Бланка улыбнулась и снова протянула мне руку. На сей раз я постарался наилучшим образом запечатлеть поцелуй.

 Ты любишь сказки?  спросила она.

 Больше всего на свете.

 Я знаю такие, которые мало кому известны,  заявила Бланка.  Отец сочиняет их для меня.

 Я тоже. То есть сочиняю их и выучиваю.

Бланка нахмурилась.

 Ну-ка, расскажи.

 Прямо сейчас?

Бланка кивнула, даже с каким-то вызовом.

 Надеюсь, твои сказки не о принцессах,  с угрозой добавила она.  Я ненавижу принцесс.

 Ну, одна принцесса там есть но очень злая.

Бланка просияла:

 Насколько злая?

2

Тем утром Бланка стала моей первой читательской аудиторией.
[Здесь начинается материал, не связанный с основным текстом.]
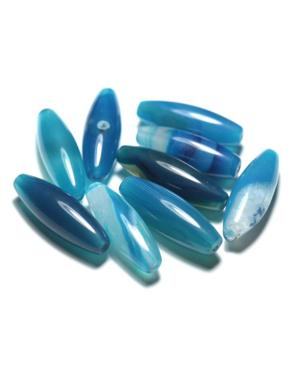 homemade1 Stück - Steinperle - Blauer Achat Olivenreis Spindel 30x10mm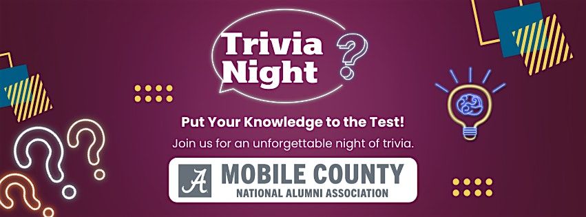 Join the Mobile County chapter of the UA-NAA for a Young Alumni trivia night! Form a team with fellow Bama alumni and friends to test your knowledge and show everyone Where Legends are Made.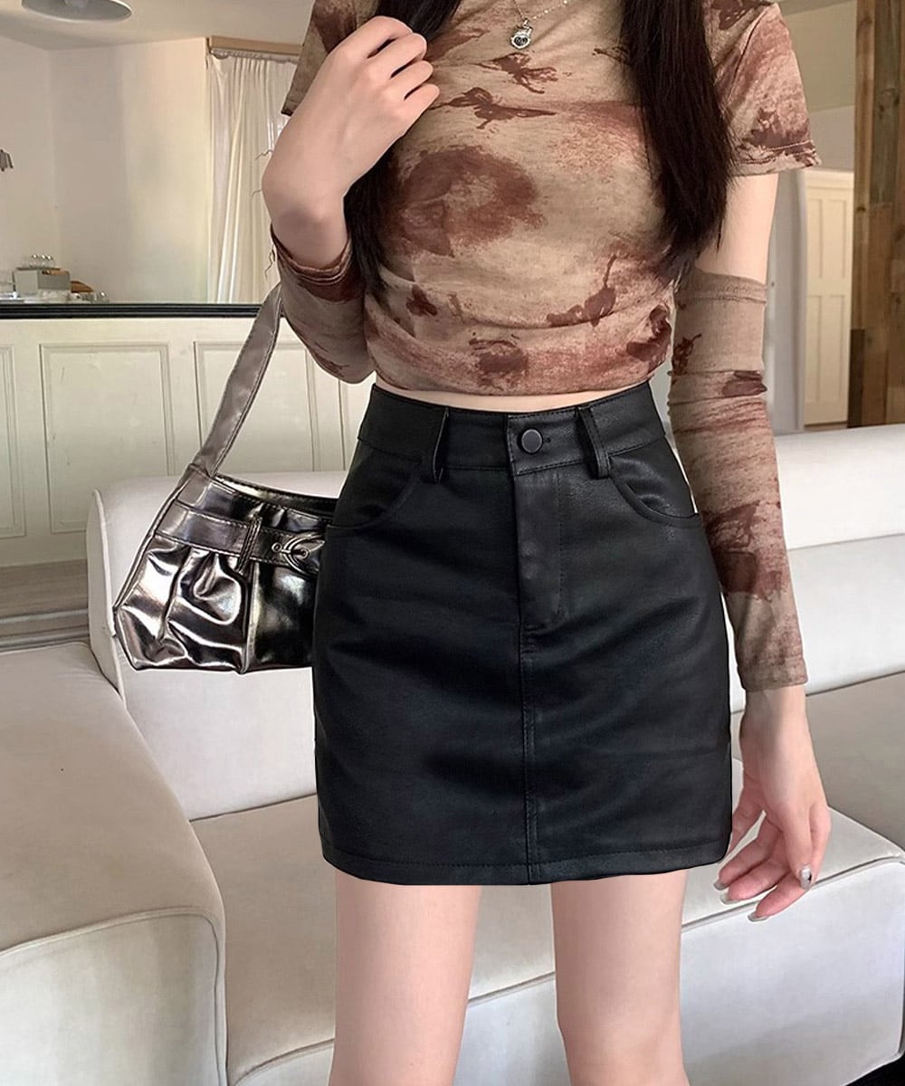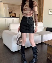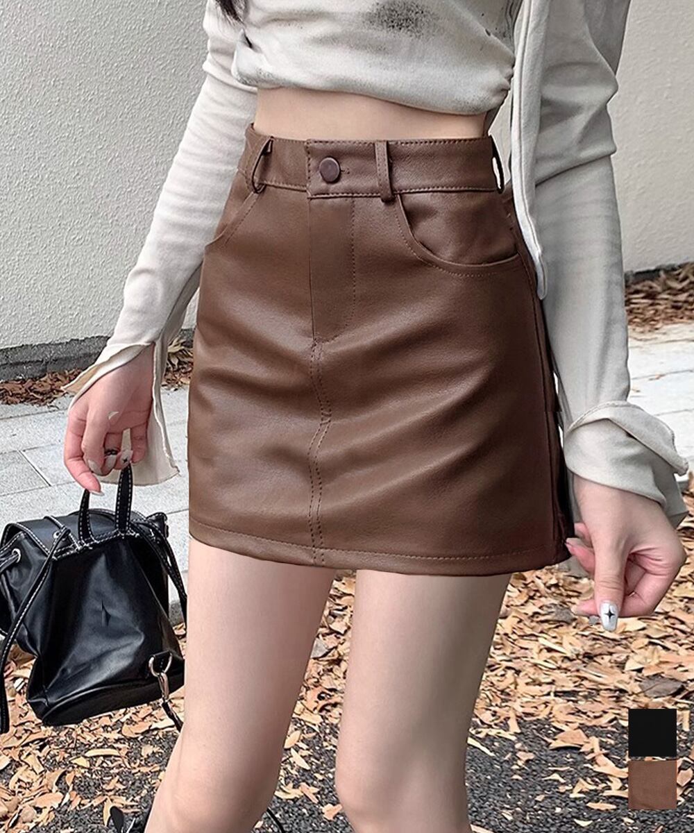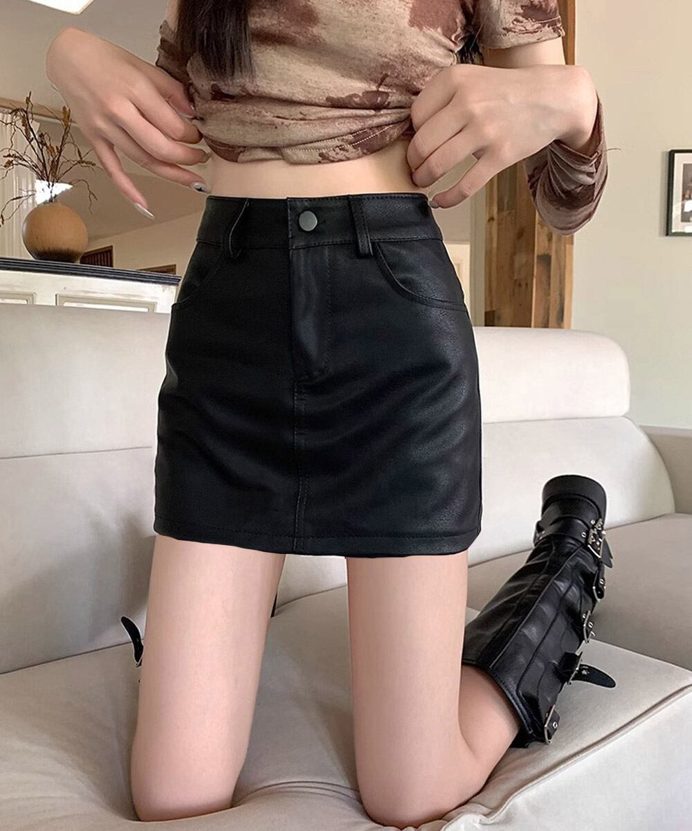 PUレザーミニスカートハイウエスト韓国風

Я рассказал ей сказку о принцессах и колдунах, о злых чарах и отравленных поцелуях, обо всем, что происходило в волшебной вселенной, полной оживающих дворцов, которые, словно адские чудища, ползут по болотам сумеречного мира. В конце рассказа, когда героиня погрузилась в ледяные воды черного озера с проклятой розой в руках, Бланка навсегда определила курс моей жизни: разволновавшись, утратив слой лака, покрывавший ее, сеньориту из хорошего дома, она пролила слезу и прошептала, что моя история ей показалась прекрасной. Ради того, чтобы этот миг никогда не развеялся прахом, я отдал бы жизнь. Тень Антонии, упавшая к нашим ногам, вернула меня к прозаической действительности.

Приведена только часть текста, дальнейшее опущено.